Extract, in full, the lines below, beginning at the first and ending with the line that contains "CHERRY STICK NOTE". Pictures do not belong in the copy.
*** Opening SUPPLIED ENTRIES ***
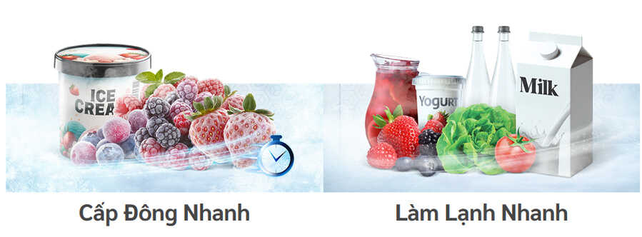 - Chế độ Cấp Đông Nhanh cho phép làm đông thực phẩm một cách mạnh mẽ và nhanh chóng, nhờ hệ thống kiểm soát nhiệt độ ngăn đông tự động. Tính năng này giúp quá trình cấp đông nhanh hơn 15% so với thông thường*, nhờ đó giữ trọn độ tươi ngon, màu sắc tự nhiên và hàm lượng dinh dưỡng trong từng loại thực phẩm, mang lại sự an tâm cho cả gia đình.
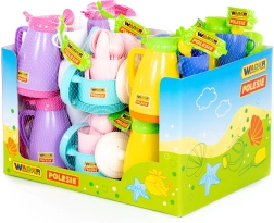 - Kolorowy zestaw bez dzbanka: 6 filiżanek, 6 talerzyków, 6 łyżeczek, 6 widelczyków i nożyków, solniczka, pieprzniczka, garnek z pokrywką, patelnia
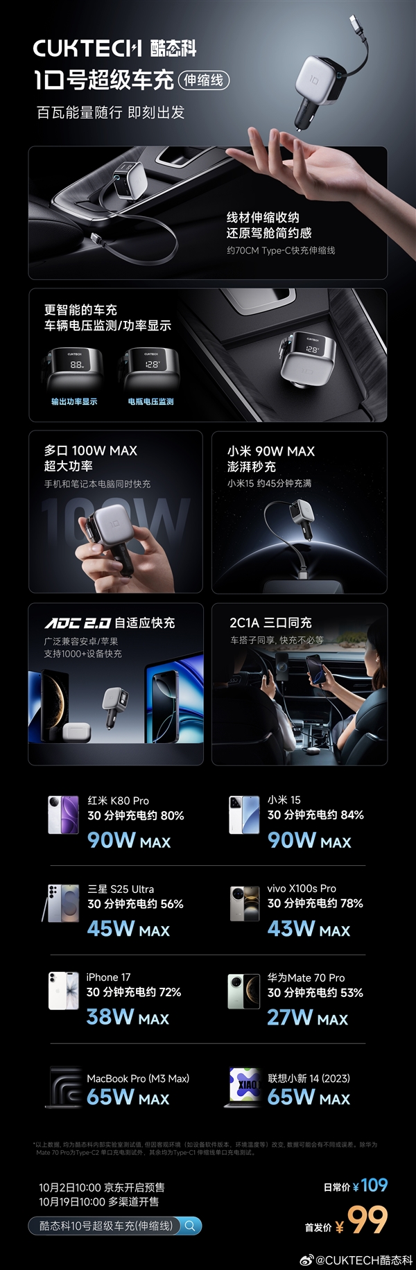 99元!酷态科10号超级车充伸缩线发布:2C+1A接口、多口100W快充
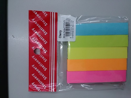 CHERRY STICK NOTE F103-5 15mmX75mm (5 IN 1)Moel: F103-5 Size: 15mmX75mm (5 IN 1) cyber color |
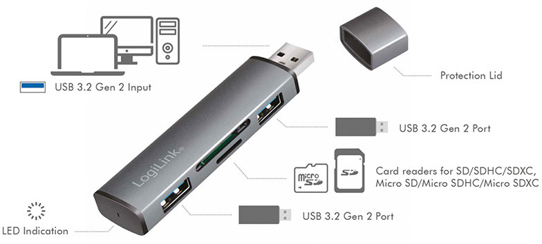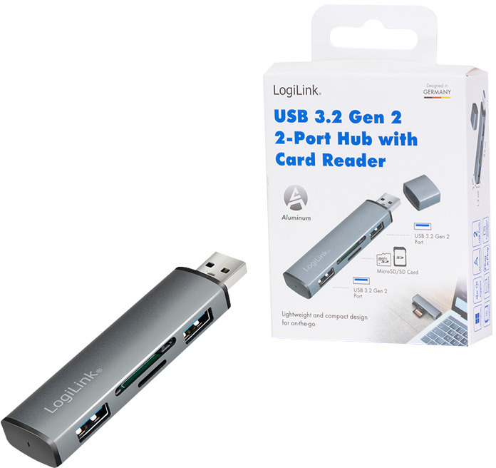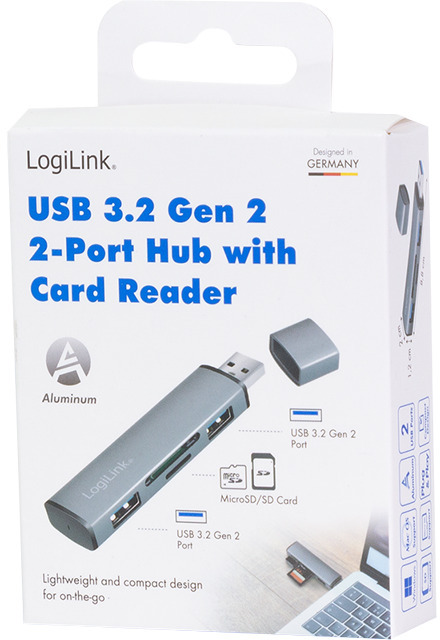 De hub ondersteunt de moderne USB 3.2 Gen2-standaard en biedt de mogelijkheid om maximaal 2 USB-apparaten, 1x Micro SD-kaart en 1x SD-kaart aan te sluiten. Uiteraard kunt u ook apparaten van oudere USB-generaties aansluiten en gebruiken. Deze praktische en nobel ogende hub met zijn aluminium design is een echte blikvanger op elk bureau. Eenvoudige aansluiting via plug & play. USB 3.2-overdrachtssnelheden tot 10 Gbit/s.
*** Closing SUPPLIED ENTRIES ***
### SOLUTION TO THIS EXERCISE
 - Chế độ Cấp Đông Nhanh cho phép làm đông thực phẩm một cách mạnh mẽ và nhanh chóng, nhờ hệ thống kiểm soát nhiệt độ ngăn đông tự động. Tính năng này giúp quá trình cấp đông nhanh hơn 15% so với thông thường*, nhờ đó giữ trọn độ tươi ngon, màu sắc tự nhiên và hàm lượng dinh dưỡng trong từng loại thực phẩm, mang lại sự an tâm cho cả gia đình.
 - Kolorowy zestaw bez dzbanka: 6 filiżanek, 6 talerzyków, 6 łyżeczek, 6 widelczyków i nożyków, solniczka, pieprzniczka, garnek z pokrywką, patelnia
 99元!酷态科10号超级车充伸缩线发布:2C+1A接口、多口100W快充
 CHERRY STICK NOTE F103-5 15mmX75mm (5 IN 1)Moel: F103-5 Size: 15mmX75mm (5 IN 1) cyber color |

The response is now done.